Intel Earnings Nudge Semiconductor Stocks Forward
Semiconductor stocks, which have had a particularly strong performance over the past four weeks -- rising 8.3% to 406.03 on the Philadelphia Semiconductor Index -- climbed even higher following the financial results of bellwether chip giant Intel. But despite the robust results that beat Wall Street's estimates, Intel's revenue growth is expected to slow next year to 10%, compared with its 24% jump this year.
Intel's anticipated slow down in growth this year mirrors the industry at large, according to analysts. Ross Seymore, a Deutsche Bank Equity Research analyst, recently forecast the industry's revenue growth will cool off to 5% for the year, versus the 30% seen last year. And the closely followed Semiconductor Industry Association is expressing similar caution, noting in its 2010 to 2012 forecast that last year's 32.8% revenue growth was expected to be followed by 6% growth this year and a meager 3.4% next year.
But for now, investors apparently are pleased with the way the industry is heading, bidding up shares of a number of major chip players. Applied Materials (AMAT), Marvell Technology Group (MRVL), Micron Technology (MU), and Texas Instruments (TXN) were all up in early morning trading.
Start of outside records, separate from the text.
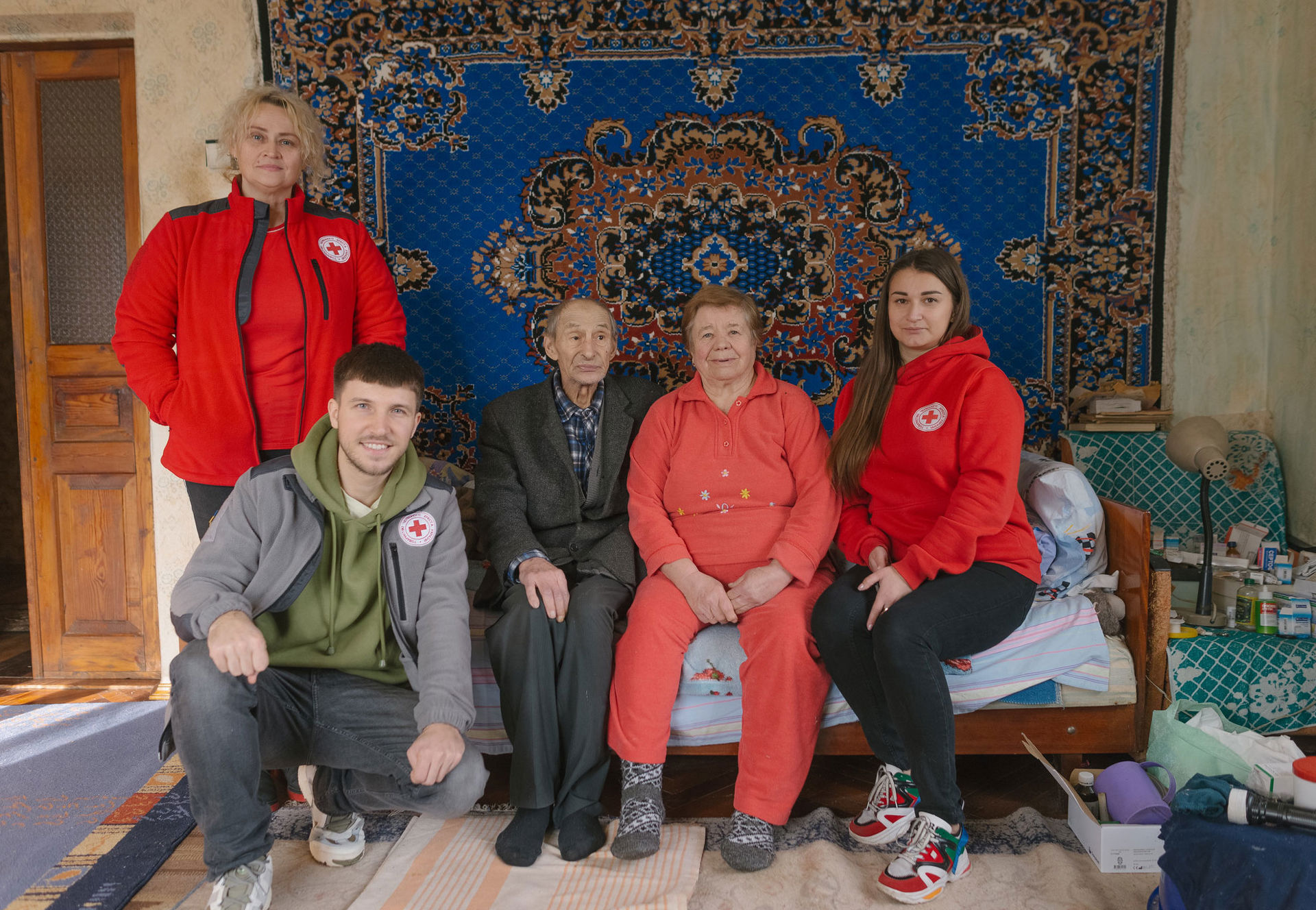 Ukrainska Röda Korsets frivilliga och anställda finns där hjälp behövs: De ger skadade första hjälpen, evakuerar människor i säkerhet, erbjuder psykiskt stöd och ger hemvård samt hälso- och sjukvård till äldre personer som blivit ensamma i avlägsna byar. Striderna, som har pågått i tre år, orsakar mänskligt lidande i såväl Ukraina som dess närområden.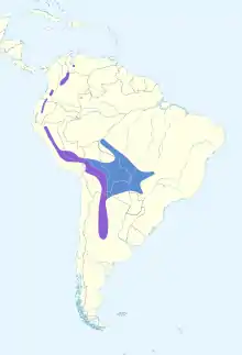 - P. a. aureoventris, breeds in Peru's Puno Province, western and southern Bolivia, and northwestern Argentina. In the austral winter, expands int west-central Brazil and northern Paraguay.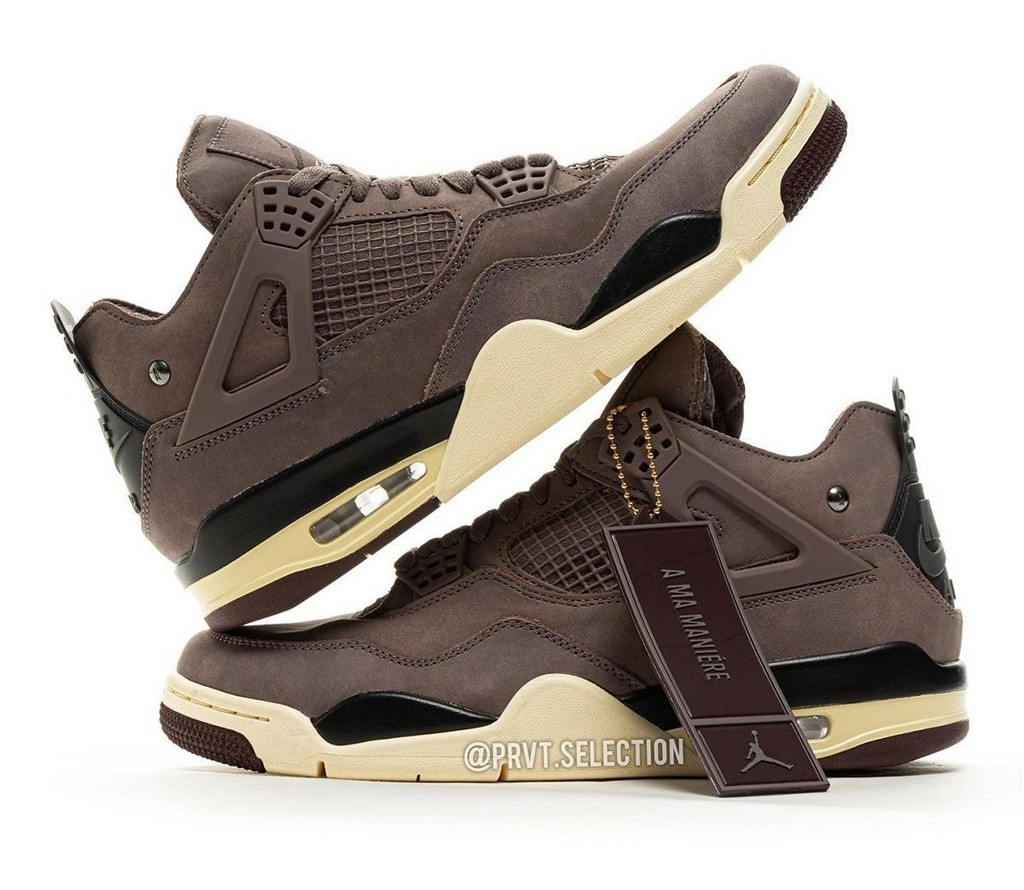 除了上面刚刚提到的 Air Jordan 12 联名外, A Ma Maniére x Air Jordan 4 也将于 11 月同期登场,目前实物及上脚效果已提前泄露。

Asian Chip Makers Also Got Boost From Intel
Chip companies in Europe and Japan also received an indirect boost from Intel's results, according to a Reuters report. UK chip designer ARM hit a 10-year high as it rose 6.5%, while Tokyo Electron climbed 3.2% and Sumco a scant 0.7%.
While the Philadelphia Semiconductor Index was also up in morning trading, rising 0.87% to 443.64, Intel, however, was not. The chip giant's shares were down 1.2% to $21.04 a share. Investors may be taking a bearish approach to Intel's plans to increase capital expenditures by 72% to $9 billion this year. Credit Suisse analyst John Pitzer, however, believes the plan to increase capital spending is a good sign.
Pitzer raised his revenue and earnings estimates for Intel to $47.7 billion from $45.8 billion for 2011 and earnings per share to $2.15 from $1.95. His price target, however, remains at $28 a share.
In sizing up the bottom line, Pitzer noted in his report: "Tablet overhang is clearly dampening multiple[s] despite what continues to be better than expected results. INTC has gone from cyclical back to growth -- EPS [estimates] are now well north of $2.00 vs. prior peak of $1.57 in 2000, a level most thought impossible when we first suggested in late 2008. . . . Our Stance: Investors underappreciated the importance of INTC's widening [manufacturing] lead, ability to architect lower power in future design, and expertise in software compatibility and ecosystem -- Windows on ARM will be the first true comparison of power & performance on a truly common platform -- INTC should welcome it."